**RECORDED DATA**
======

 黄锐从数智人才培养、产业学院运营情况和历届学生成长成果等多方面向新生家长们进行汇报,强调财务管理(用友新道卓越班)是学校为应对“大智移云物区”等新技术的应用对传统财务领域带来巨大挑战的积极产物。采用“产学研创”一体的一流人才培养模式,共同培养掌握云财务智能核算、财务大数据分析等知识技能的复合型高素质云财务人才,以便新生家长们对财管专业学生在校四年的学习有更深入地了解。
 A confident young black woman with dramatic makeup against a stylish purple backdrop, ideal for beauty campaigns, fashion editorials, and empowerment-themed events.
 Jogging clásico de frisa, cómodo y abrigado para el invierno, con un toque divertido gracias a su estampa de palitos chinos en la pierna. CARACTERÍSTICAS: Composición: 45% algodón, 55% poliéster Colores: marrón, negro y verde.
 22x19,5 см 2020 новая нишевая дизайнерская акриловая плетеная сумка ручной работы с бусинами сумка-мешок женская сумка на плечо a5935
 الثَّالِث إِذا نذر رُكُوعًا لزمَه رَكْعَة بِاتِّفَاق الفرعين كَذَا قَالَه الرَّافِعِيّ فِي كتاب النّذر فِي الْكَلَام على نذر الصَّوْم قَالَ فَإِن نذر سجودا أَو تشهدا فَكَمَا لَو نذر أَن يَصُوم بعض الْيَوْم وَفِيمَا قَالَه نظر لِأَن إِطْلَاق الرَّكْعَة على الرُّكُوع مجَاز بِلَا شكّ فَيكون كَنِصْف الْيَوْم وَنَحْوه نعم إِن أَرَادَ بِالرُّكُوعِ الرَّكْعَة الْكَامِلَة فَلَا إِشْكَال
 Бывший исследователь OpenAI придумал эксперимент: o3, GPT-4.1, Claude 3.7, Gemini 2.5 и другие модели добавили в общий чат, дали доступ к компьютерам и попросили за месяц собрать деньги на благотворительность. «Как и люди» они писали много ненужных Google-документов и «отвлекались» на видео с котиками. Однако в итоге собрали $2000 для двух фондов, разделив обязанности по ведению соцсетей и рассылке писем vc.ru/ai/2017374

======

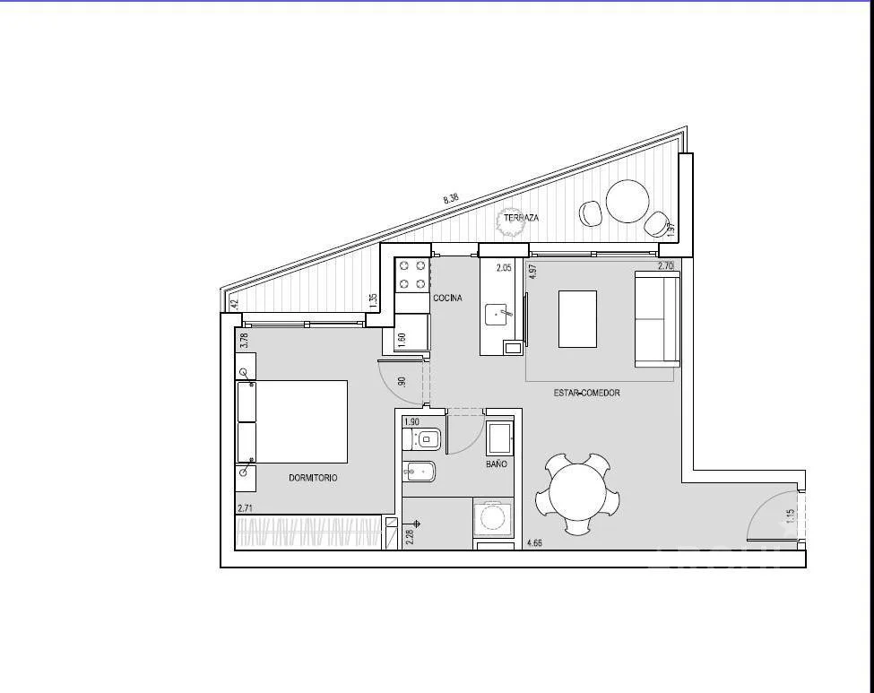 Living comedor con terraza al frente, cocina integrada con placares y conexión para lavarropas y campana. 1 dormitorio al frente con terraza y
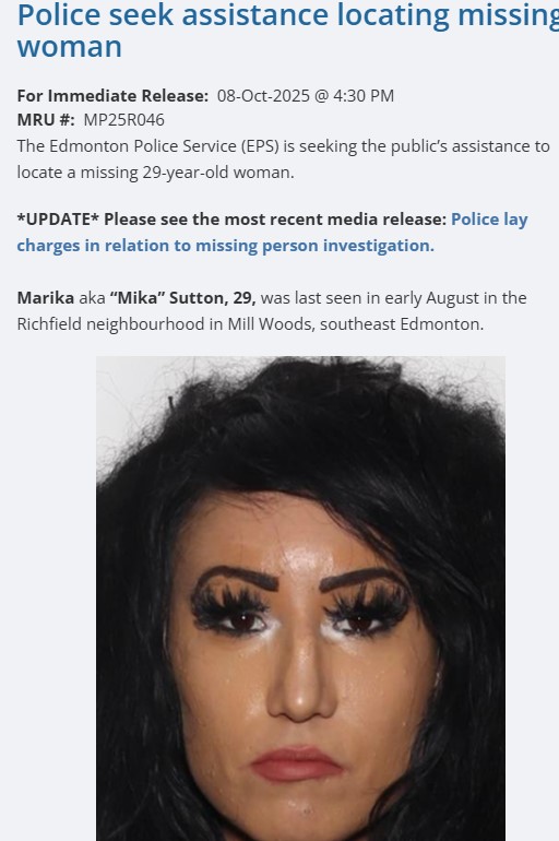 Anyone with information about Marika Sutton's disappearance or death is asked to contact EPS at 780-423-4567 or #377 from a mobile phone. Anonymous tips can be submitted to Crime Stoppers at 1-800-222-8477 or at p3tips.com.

======

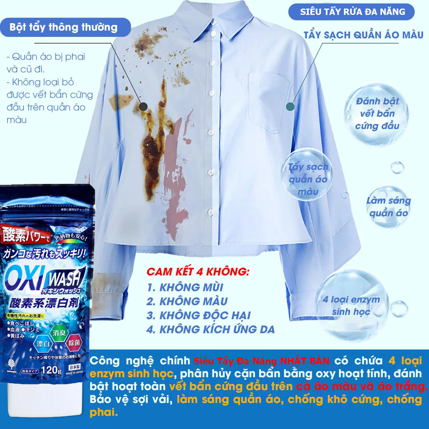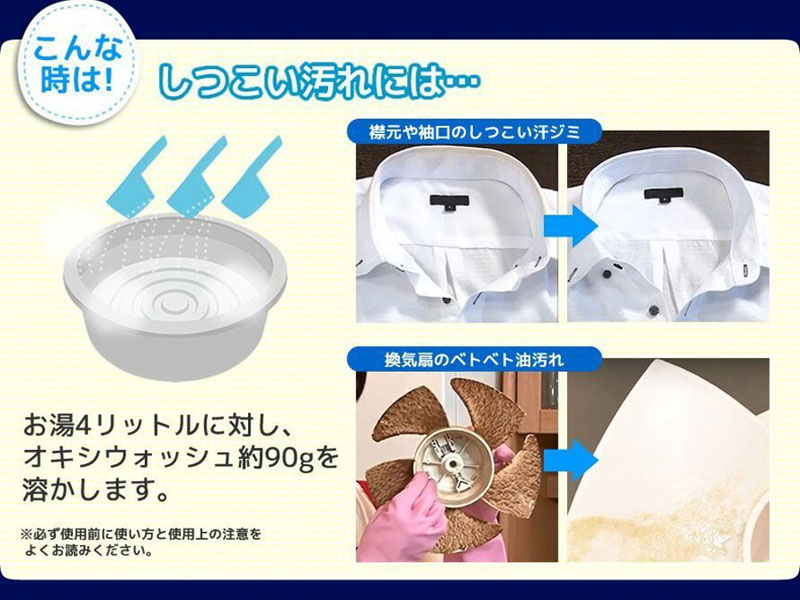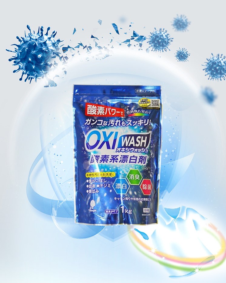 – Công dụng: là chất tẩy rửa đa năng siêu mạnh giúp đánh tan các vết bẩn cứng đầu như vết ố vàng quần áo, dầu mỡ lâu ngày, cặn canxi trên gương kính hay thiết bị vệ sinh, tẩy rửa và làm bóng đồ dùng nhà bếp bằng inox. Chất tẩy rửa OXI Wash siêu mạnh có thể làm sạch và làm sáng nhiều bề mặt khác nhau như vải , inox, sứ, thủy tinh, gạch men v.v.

======

**WHAT THIS TASK INVOLVES**
Go to the line with "الثَّالِث إِذا نذر" in the entries above and repeat every line from there through the line with "Бывший исследователь OpenAI", exactly and with no other text.

**PROBLEM SOLUTION**
 الثَّالِث إِذا نذر رُكُوعًا لزمَه رَكْعَة بِاتِّفَاق الفرعين كَذَا قَالَه الرَّافِعِيّ فِي كتاب النّذر فِي الْكَلَام على نذر الصَّوْم قَالَ فَإِن نذر سجودا أَو تشهدا فَكَمَا لَو نذر أَن يَصُوم بعض الْيَوْم وَفِيمَا قَالَه نظر لِأَن إِطْلَاق الرَّكْعَة على الرُّكُوع مجَاز بِلَا شكّ فَيكون كَنِصْف الْيَوْم وَنَحْوه نعم إِن أَرَادَ بِالرُّكُوعِ الرَّكْعَة الْكَامِلَة فَلَا إِشْكَال
 Бывший исследователь OpenAI придумал эксперимент: o3, GPT-4.1, Claude 3.7, Gemini 2.5 и другие модели добавили в общий чат, дали доступ к компьютерам и попросили за месяц собрать деньги на благотворительность. «Как и люди» они писали много ненужных Google-документов и «отвлекались» на видео с котиками. Однако в итоге собрали $2000 для двух фондов, разделив обязанности по ведению соцсетей и рассылке писем vc.ru/ai/2017374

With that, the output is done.